Dataset extract:
++++++++

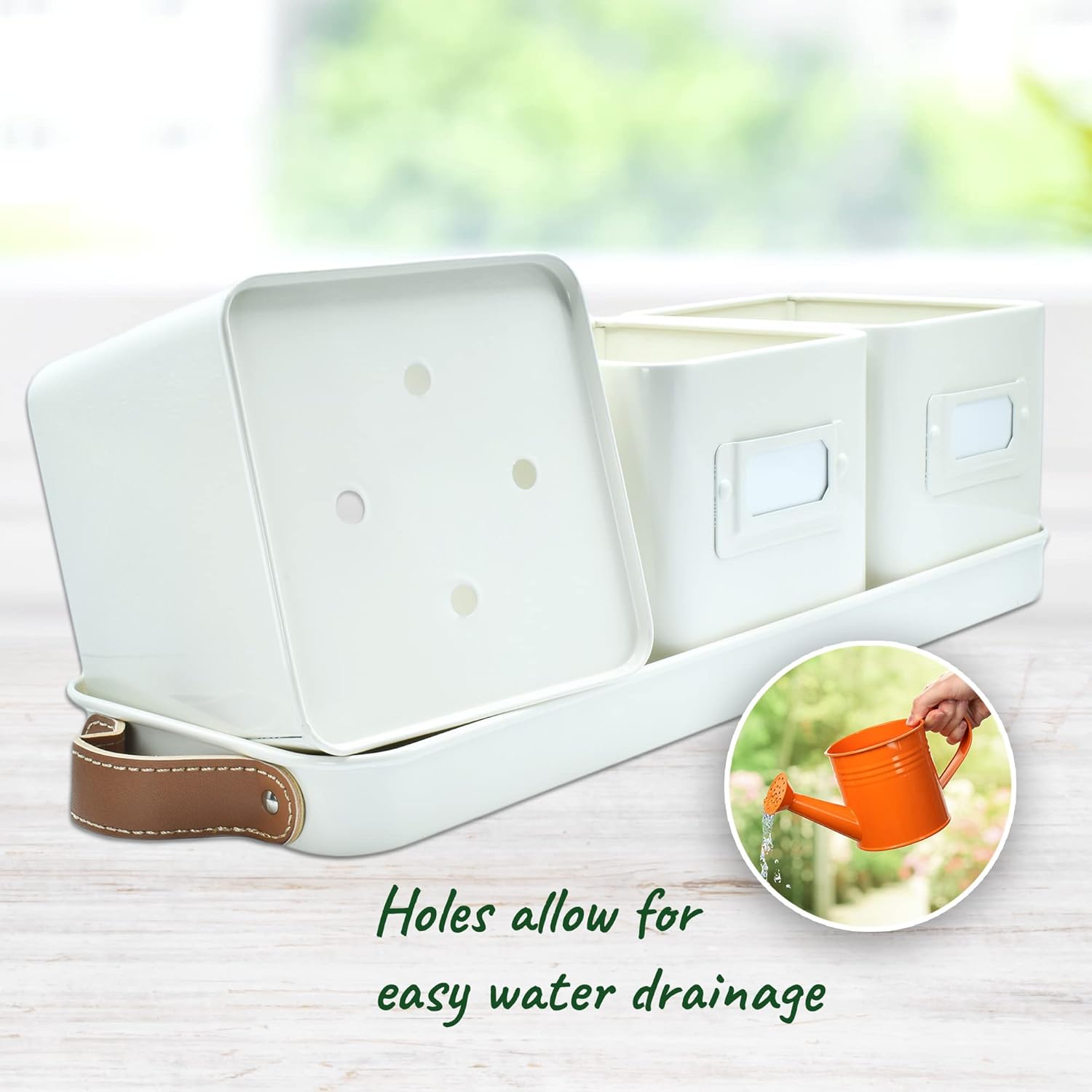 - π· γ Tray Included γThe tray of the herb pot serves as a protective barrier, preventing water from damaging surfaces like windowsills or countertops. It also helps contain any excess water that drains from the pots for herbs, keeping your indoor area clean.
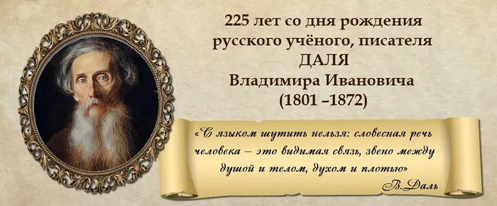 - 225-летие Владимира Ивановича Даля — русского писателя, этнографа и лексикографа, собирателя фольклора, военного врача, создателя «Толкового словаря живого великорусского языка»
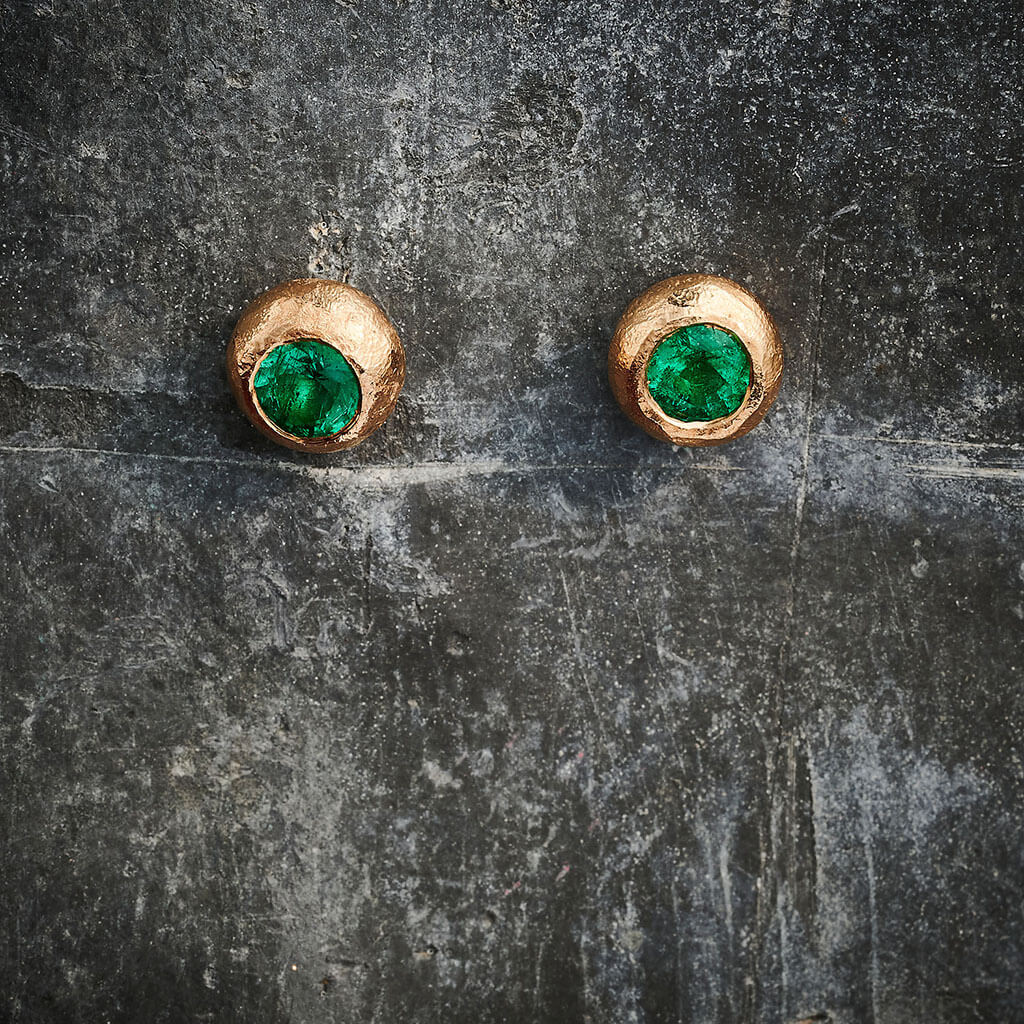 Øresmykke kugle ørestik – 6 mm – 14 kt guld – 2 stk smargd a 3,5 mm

++++++++

Problem to solve: The material is to be written out word for word, and the pictures are to be left out.

Exercise result:
 - π· γ Tray Included γThe tray of the herb pot serves as a protective barrier, preventing water from damaging surfaces like windowsills or countertops. It also helps contain any excess water that drains from the pots for herbs, keeping your indoor area clean.
 - 225-летие Владимира Ивановича Даля — русского писателя, этнографа и лексикографа, собирателя фольклора, военного врача, создателя «Толкового словаря живого великорусского языка»
 Øresmykke kugle ørestik – 6 mm – 14 kt guld – 2 stk smargd a 3,5 mm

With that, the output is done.